Most stocks and bonds don't yield anywhere close to 5% in today's low-rate world. But one corner of the market still beats that threshold: preferred stocks. And while the niche surged in 2012, some money managers see a bit more upside ahead.
Preferred stocks, known as preferreds for short, typically pay dividends at a fixed rate that's usually higher than the yield on a company's common stock. Most are issued at $25 a share and trade around their "par" value. Moreover, preferred shareholders get paid before common stockholders, and some preferreds are "cumulative," meaning if a company misses a payment, it's still on the hook to pay the full amount later.
But preferreds are sensitive to changes in interest rates, and they have other risks too. They're mainly issued by banks and other financial companies with less than top-notch credit ratings. And their dividends can be cut or suspended without warning. If the preferred is "non-cumulative," investors may never see a missed payment.
Like other risky assets, preferreds plunged during the financial crisis. The benchmark Bank of America Merrill Lynch U.S. Preferred Stock Fixed Rate Index fell to 50 cents on the dollar in March 2009, as big names in the index such as AIG, Lehman Brothers and Fannie Mae traded for pennies on the dollar.

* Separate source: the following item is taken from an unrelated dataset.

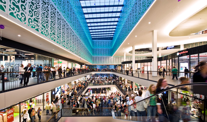 The Centrum Galerie boasts 52,000 square metres of retail space and is home to over 100 shops, cafés, restaurants and service-sector businesses spread over four storeys. Its characteristic retromodern facade and mall concept were designed by the Dresden-based architect Peter Kulka. Both the aluminium honeycomb used to create the facade and the name given to the shopping centre are mementos of the Centrum department store that stood on the site until 2006. A subsequent three-year planning and building phase ended with the opening of the Centrum Galerie on the 17th of September 2009.

Another drawback: Many preferreds can be "called," or redeemed by their issuers, after a few years. That can be a positive if the stock is trading under par. But if it's trading at a premium, investors may take a loss. The risk is especially high when interest rates are declining because companies often call in their preferreds to issue new securities at lower rates. Moreover, many banks are now phasing out some preferred stock to meet stricter capital requirements, a trend that could continue for some time.
Healthier balance sheets
While the market has risks, the companies backing preferreds are generally in stronger financial shape than they were four years ago, says Adam Kramer, a Fidelity Investments portfolio manager who covers preferred stocks in the Fidelity Strategic Dividend & Income Fund (FSDIX). The Merrill Lynch preferred index, yielding around 6.6% recently, is now more diversified among a broader set of financial companies, he points out, and many have stronger balance sheets, higher levels of capital and improving earnings.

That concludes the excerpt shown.